– Я-то не спешу никуда.
Даже и хорошо было сейчас рассориться с Игорем: чем дольше не видаться бы с ним, тем и верней. Игорь схватил и притих.
Илья подождал-подождал, посчитал: не успел он сейчас случайно раскрыться?
По осколкам-огрызкам, которые он в мессенджерах за Петей и его товарищами насобирал, можно было догадаться, что там вообще творилось у них – в целом; но дьявол-то сидел в деталях.
Ясно было, что Игорь Хазину не верил и боялся предательства. Видимо, имел основания. И черт бы с ними со всеми: Илья в их помоечные игры даже вникать не хотел. Про эти игры надо было только знать, как про карту минного поля, чтобы внимательно к блеску паутинок приглядываться – вдруг растяжка?
Не дождавшись больше от Игоря ничего, вышел наверх.
* * *
Погода переменилась: из проталин в облаках сквозило солнце, в небесной породе открылись золотые прожилки. Стали падать блики на землю, и придавленная серым камнем Москва зашевелилась. Люди под солнцем улыбались, ветер смягчался, снег был теплей.
Стало плевать на Игоря с его интригами, на помоечную сумятицу, на то, что закладка сорвалась. До четверга придумает еще, что врать. Выкрутится как-нибудь. Все это были мелочи в сравнении с тем, что Нина передумала.
Повертел головой: куда идти?
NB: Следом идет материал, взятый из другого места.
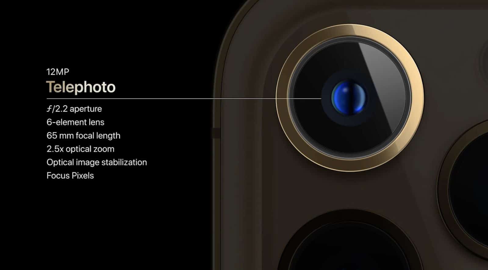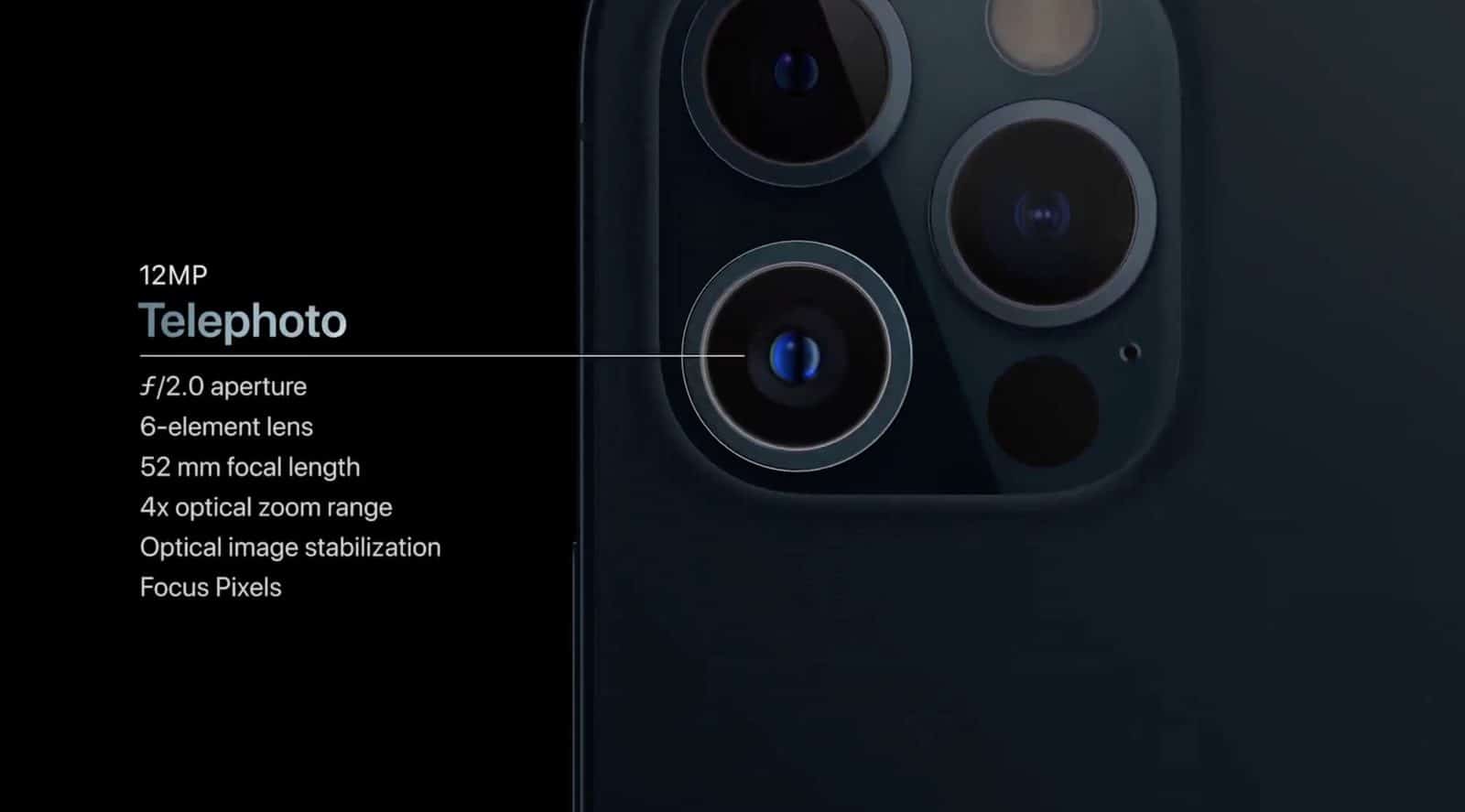 iPhone 12 Pro 將設有4鏡頭設計的相機系統。除前置相機外,後置主相機將包含一個 1200萬像素超廣角鏡頭、一個 1200 萬像素 f/2.2 遠攝鏡頭,可提供 2.5 倍光學變焦並支援防手震功能。iPhone 12 Pro 還有一個超遠攝 f/2.0 鏡頭,它的焦距為 52mm,而 iPhone 12 Pro Max 將會搭載另一款焦距為 65mm 的長焦距鏡頭,提供最大 2.5 倍光學變焦。

И пошел по бульварам вниз. Просто гулять. Гулять, пока кто-нибудь еще из телефона Петю с того света не дернет.
У памятника Гоголю постоял, подумал. Там всепогодные алкаши толклись, помесь рокеров с бомжами. Один, в косухе и с седым хвостом, подобрался к Илье бочком, попросил на пиво. Настроение была слишком праздничное, чтобы отказывать. Отсыпал копеек. Пьянь улыбнулась, заметила светски:
– Распогодилось!
– Жизнь налаживается, – пошутил Илья.
Посмеялись.
Бульвары украшали к праздникам: развешивали и пробовали синие гирлянды, устанавливали снежинки какие-то в человеческий рост, собирали избушки-ларьки – торговать сладким. Илья шагал мимо суетных рабочих, мимо прогуливающих тонконогих студентов и студенточек в изящных очках и несуразных шапках, мимо праздных стариков, которые, как и он, надышаться вышли, и улыбался. Москва все-таки прекрасная была, хоть с похмелья и немного отечная. Как только над ней раздвигали мраморный купол и впускали небесный свет, она сразу очеловечивалась.
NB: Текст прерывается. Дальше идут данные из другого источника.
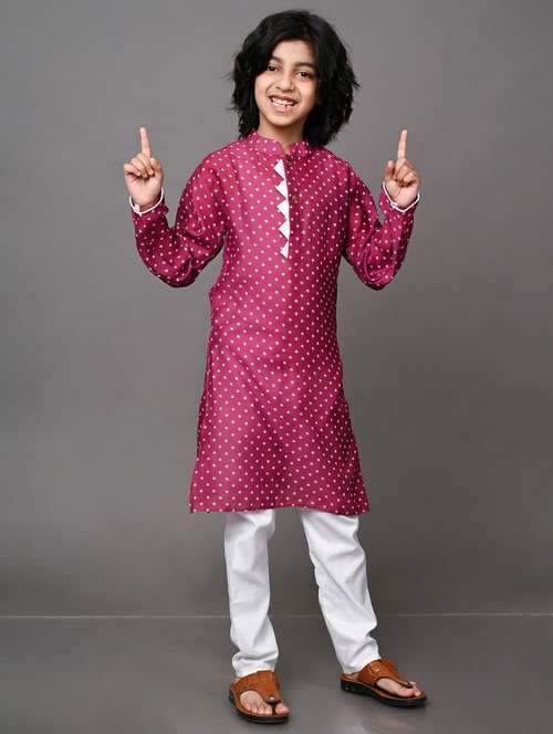 boys printed cotton kurta pyjama set

Бросить бы тогда филфак и пойти в Строгановское училище, куда сам хотел, а мать не пускала: мол, все художники – пропойцы и бездельники. Пойти бы на живопись и скульптуру. Писать Москву с крыш, писать Москву старую против Москвы новой: Илья бы не стал мудрить, ни перформансов, ни акций устраивать. Он бы улицы превращал в масло, людей бы сохранял – кто этим простым теперь занимается? Работал бы где-нибудь вечерами, продавцом или барменом, снимал каморку-студию на чердаке в одном из бульварных домов, водил бы к себе друзей новых, настоящих, веселых – пить, наверное, вино, и ночи напролет разговаривать, вот таких, как эти – тощих, джинсы в облипку, чубатых. Встречался бы с какой-нибудь девушкой – поджарой, стрижка каре, загар, а там, где люди крестик вешают – наколка, кью-ар код. Жили бы под крышей вместе: диван, телик, плейстейшн, альбомы правильных западных художников, бар со всякой текилой.
Захотелось курить.
С самых субботних окурков Илья дыма не глотал, соскучился. У скамейки впереди паслись модные прогульщики, хохотали и прихлебывали горячее красное из открывшегося уже ларька.
Он сбился с курса, чтобы у них стрельнуть, потом засомневался. И все-таки решился.
– Пацаны… Сижки не будет? – следя за языком, спросил он у них.
– У нас только вейп, – сказала рыжая девчонка с рюкзаком.
– Засада, – Илья улыбнулся; слова не понял, но не стал переспрашивать; понял, что отказ. – Ну ладно. Благодарю.
– Погоди… У меня вот. Но дамские, – тоном извинился пухлый парень в синтетической ушанке.
– Ничего, – пожал плечами Илья. – Я в себе уверен.
Чиркнули зажигалкой, втянул смолу из тоненькой сигареты, зажмурился: хорошо! И совсем разжало – раскрутили тиски, еще у Триумфальной арки завинченные.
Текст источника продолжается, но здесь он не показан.